For those who have until now been stuck under particularly weighty rocks, President Obama delivered a speech last Thursday from Cairo University with the intent of addressing the perceived rift between the United States and the Islamic world.
Video of the entire speech is available on YouTube, courtesy of the White House's newly invigorated Web 2.0 information campaign. Coincidentally, the hour-long address was also made available live worldwide via SMS text message. Hopefully anyone who signed up has an unlimited plan.
Obama's discussion of the Israeli-Palestinian conflict served as the evening's sole surprise. In a departure from previous U.S. policy, the president made clear a call for the absolute cessation of expansion of Jewish settlements in the West Bank, signaling a cooling in relations between the U.S. and Israel. While this particular conflict is only one of seven issues which Obama highlighted as comprising the wedge that exists between Islam and the U.S., it may be the most injurious, especially among the Arab contingent of the Muslim world.
Hearing the same words from George W. Bush would have been cause for a great deal of eye-rolling and nose-thumbing. However, Obama has been given a carte blanch among Muslims thanks to his tenable connection to their religion, having been born a Muslim to a father of the faith, and partially raised in Indonesia, a Muslim-majority country. And while skepticism about the true aim of U.S. initiatives remains, Obama now does indeed have the ear of Muslim peoples around the globe, having voiced a deep respect for their history and culture, and honoring them by appearing in person in Cairo to address them.

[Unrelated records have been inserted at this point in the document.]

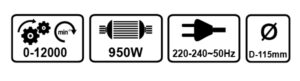 Vue Rapide 139.690TND• The new AG 115 P angle grinder is the most durable in its category: very good cutting and deburring performance thanks to the powerful 950W motor. • Perfect handling thanks to the ergonomic shape and the thin handle and optimal user protection. Characteristics: Power: 950W Disc diameter: 115mm No Load Speed: 12000r/min Spindle Size: M14 Switch Type: Side Spindle Lock: Yes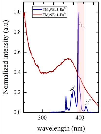 Figure 8b shows the ratio between Eu2+ and Eu3+ emissions at 413 nm and 592 nm, respectively. The emission at 592 nm was chosen because it is a pure magnetic transition that is not affected by any structural change around the RE ions. It can be used as a reference and its intensity is proportional to the Eu3+ concentration. This ratio decreases with increasing MgO content, which can be understood as being due to a change of the redox state of Eu or to a decrease of Eu2+ emission. It is known that the intensity and the position of Eu2+ can be affected by the ligand field, doping concentration, and by the excitation wavelength; therefore, we first discuss how it would be affected by the change in the excitation wavelength. Figure 9 shows an example of how the Eu2+ emission changes under different excitation wavelengths for the glass sample TMg9Eu1. The emission of Eu2+ was recorded along with that of Eu3+ over the range 430–780 nm under different excitation wavelengths. A shift toward a lower energy could be observed upon increasing the excitation wavelength. The emission shifts from 455 nm to 483 nm between an excitation at 390 and 412 nm.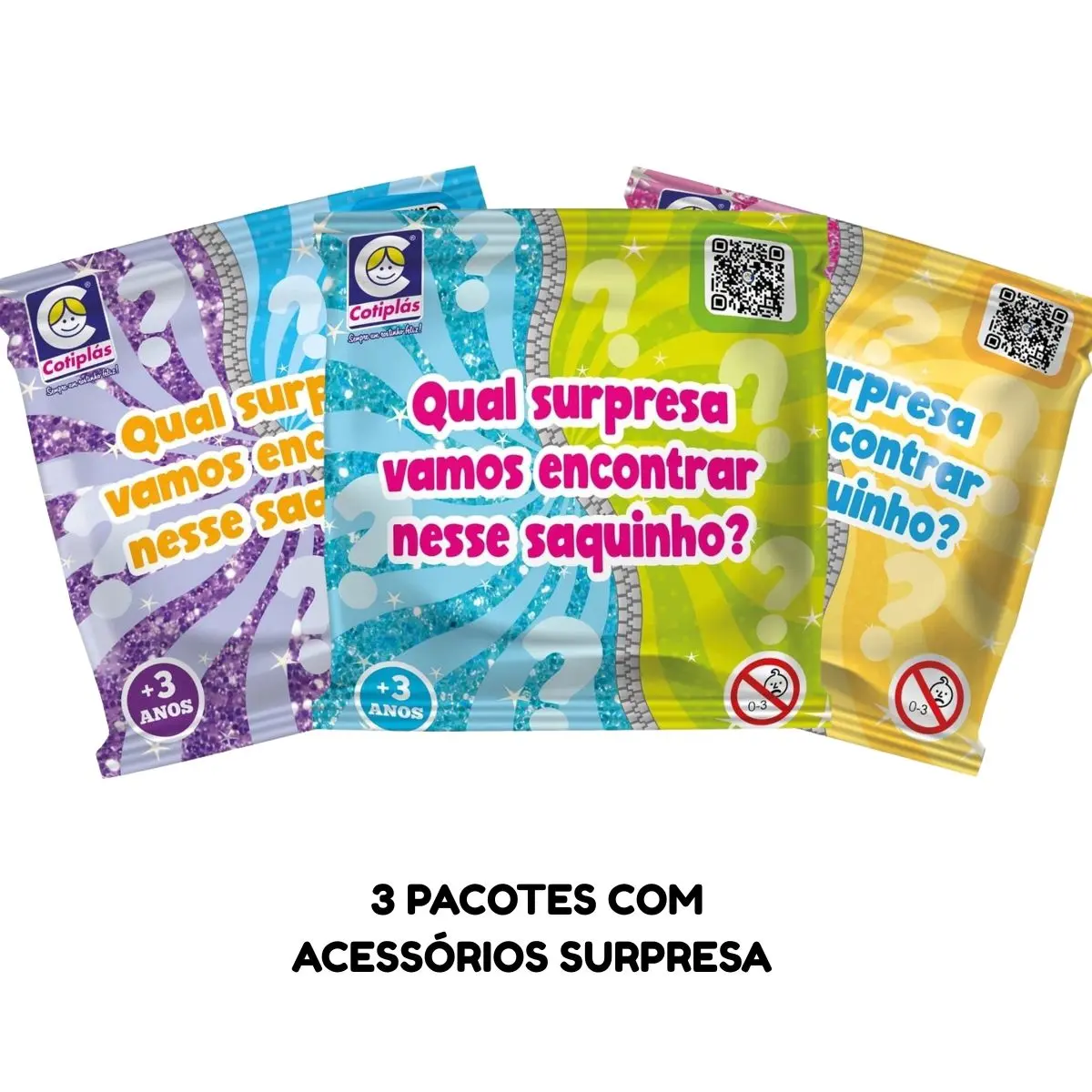 Contém 1 boneca e 3 saquinhos com surpresas de acessórios de bonecas.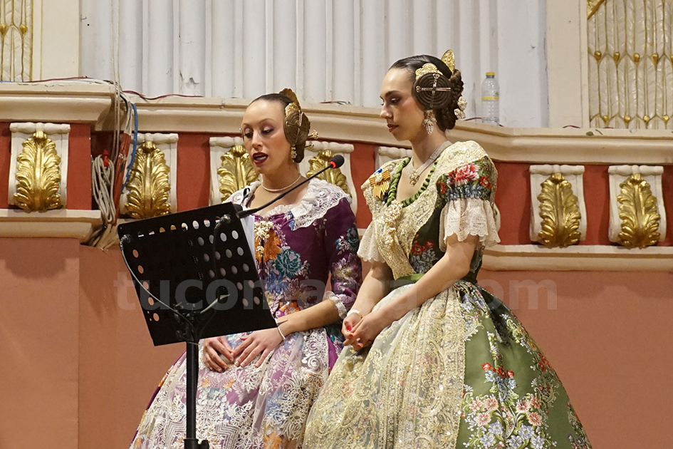 En la segunda mitad del acto, ha sido el turno de Raquel Cámara Perelló, la nueva Fallera Mayor de la comisión. Raquel ha recorrido el pasillo del teatro con gran emoción, acompañada de su tío, y ha sido recibida por el presidente de la comisión, Raúl Parla Villanueva, y la Fallera Mayor saliente, Sara Carrascosa Criado. Sara también ha aprovechado para despedirse con un emotivo discurso, destacando su gratitud hacia su familia y la comisión.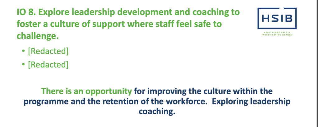 | 10.8 Explore leadership development and coaching to foster a culture of support where staff feel safe to challenge Staff talked about feeling ‘bullied’ or others being ‘bullied’ or targeted if they ‘put their head above the parapet and challenge the senior team’ Staff were not asked about being bullied, some staff volunteered this information The evaluation team recognise this has not been explored across the whole maternity structure Staff, who have left HSIB because they felt the investigation process compromised their integrity, reported fear of reprisal from the HSIB maternity programme senior management once they were working back in a clinical environment |

Why should it matter if Obama gains the support of Muslim populations around the globe? It means that Arab leaders can work with the U.S. on key global issues without angering their constituents and losing popular support, and it defuses the vitriolic arguments of anti-U.S. extremists around the globe.
Most importantly, it means that key U.S. foreign policy goals like amelioration in the Israel-Palestine conflict become much more achievable. How? It allows the U.S. to reposition itself not as a global hegemon with a myopic interest in backing Israel, but as an even-handed third party, to whom giving a little at the negotiating table won't mean kicking the hornets' nest back home for Arab leaders.
This raises another question: Are the U.S. and Israel really at loggerheads over the issue of West Bank settlements, or is the apparent cooling in their relationship a coordinated effort to defuse Arab anger and move the peace process forward? That seems unlikely, given Netenyahu's position as head of the hard-line Likud Party, which took over Israel's government by a thin majority last month. Given the fact that the resulting government has a rather weak mandate, it would be difficult to make grand departures from party platform, unless he does so at proverbial gunpoint, i.e., in the event that his country's principal patron, the U.S., makes hard demands. Netenyahu is due to give a major foreign policy related speech this coming Sunday, so watch that for developments in the situation.
As for how far Obama's speech will go toward turning Muslim opinion for the U.S., it depends on two factors: how well the State Department is able to promote U.S. interests among Muslim populations, and how much Obama's political clout can actually get him among the Arab nations.
So far, most reactions are along the lines of "I'll believe it when I see it." I feel the same way.